Research Article: Neurophysiological and Behavioral Responses of Gypsy Moth Larvae to Insect Repellents: DEET, IR3535, and Picaridin

Date Published: June 23, 2014

Publisher: Public Library of Science

Author(s): Jillian L. Sanford, Sharon A. Barski, Christina M. Seen, Joseph C. Dickens, Vonnie D. C. Shields, Frederic Marion-Poll.

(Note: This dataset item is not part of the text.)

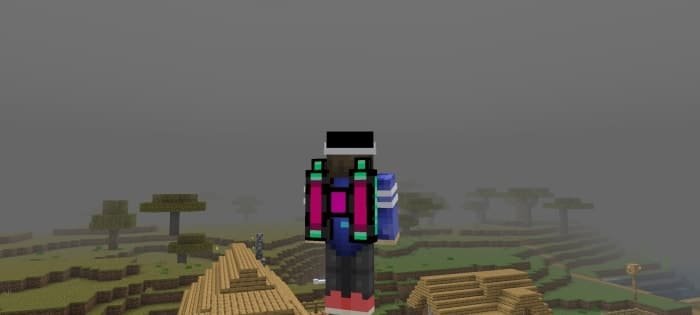 The backpack attaches to the chest harness and ensures a safe and smooth flight without any delays. It is particularly useful on maps with steep terrain or in survival mode.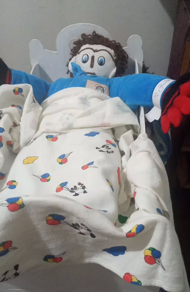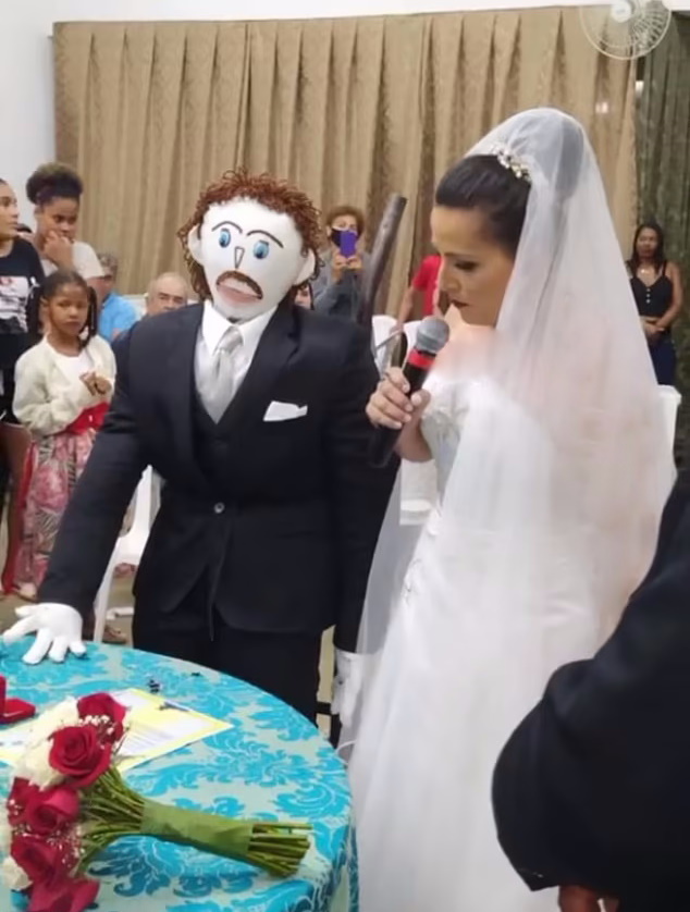 مادرش، مارسلو، عروسک پارچه ای را ساخت و آنطور که این زن ۳۷ ساله میگوید عشق در یک نگاه برایشان اتفاق افتاد. اما این زوج که نمیخواستند بدون ازدواج بچه دار شوند، تصمیم به برگزاری مراسمی گرفتند و در حضور ۲۵۰ نفر ازدواج کردند.

http://doi.org/10.1371/journal.pone.0099924

Abstract

The interactions between insect repellents and the olfactory system have been widely studied, however relatively little is known about the effects of repellents on the gustatory system of insects. In this study, we show that the gustatory receptor neuron (GRN) located in the medial styloconic sensilla on the maxillary palps of gypsy moth larvae, and known to be sensitive to feeding deterrents, also responds to the insect repellents DEET, IR3535, and picaridin. These repellents did not elicit responses in the lateral styloconic sensilla. Moreover, behavioral studies demonstrated that each repellent deterred feeding. This is the first study to show perception of insect repellents by the gustatory system of a lepidopteran larva and suggests that detection of a range of bitter or aversive compounds may be a broadly conserved feature among insects.

Partial Text

The effects of insect repellents have been shown to elicit aversive behavior in numerous insect species through the olfactory system [1], [2]. Three chemicals, in particular, DEET, IR35535, and picaridin, have been shown to be effective insect repellents [3], [4], [5], [6]. A previous study performed on A. aegypti demonstrated these three insect repellents elicited responses from a gustatory receptor neuron (GRN) housed within labellar sensilla located at the tip of the proboscis [7]. In this study, we were interested in determining if the same repellents elicited responses from a deterrent-sensitive GRN in a lepidopteran larva. N, N-diethyl-3-m-toluamide (DEET) is a popular insect repellent that is used in commercial bug sprays, including “Repel” and “Off” [8], [9]. DEET is of particular importance because it is capable of repelling numerous insect vectors of harmful diseases. Over the last twenty years, great strides have been made to elucidate the mechanisms of action of insect repellents [1], [2]. While it is known that olfaction plays a major role in mediating the behavioral effects of DEET and other insect repellents, recent research on two selected adult dipteran species clearly demonstrated that repellents may also act through the gustatory system [7], [10]. These authors demonstrated that two adult dipteran species, the vinegar fly Drosophila melanogaster[10] and the yellow-fever mosquito Aedes aegypti[7] have a gustatory receptor neuron (GRN) housed within the labellar sensilla sensitive to DEET (D. melanogaster) and two other insect repellents, IR3535 and picaridin (A. aegypti). Lee et al. [10] also showed that DEET deterred feeding in D. melanogaster. Additionally, IR3535 and picaridin have been shown to elicit aversive feeding behavior in other mosquito species, such as the black salt marsh mosquitoes, Ochlerotatus taeniorhynchus[5]. Another study demonstrated behavioral responses of larvae of the malaria vector mosquito Anopheles gambiae to DEET [11]. Nothing is known, however, about the detection of insect repellents by the gustatory sensilla in larvae of other species, such as lepidopteran caterpillars. The gypsy moth larva, Lymantria dispar, is a species of horticultural importance as it is notorious for defoliating numerous plant species, particularly forest, fruit, shade and ornamental trees [12], [13].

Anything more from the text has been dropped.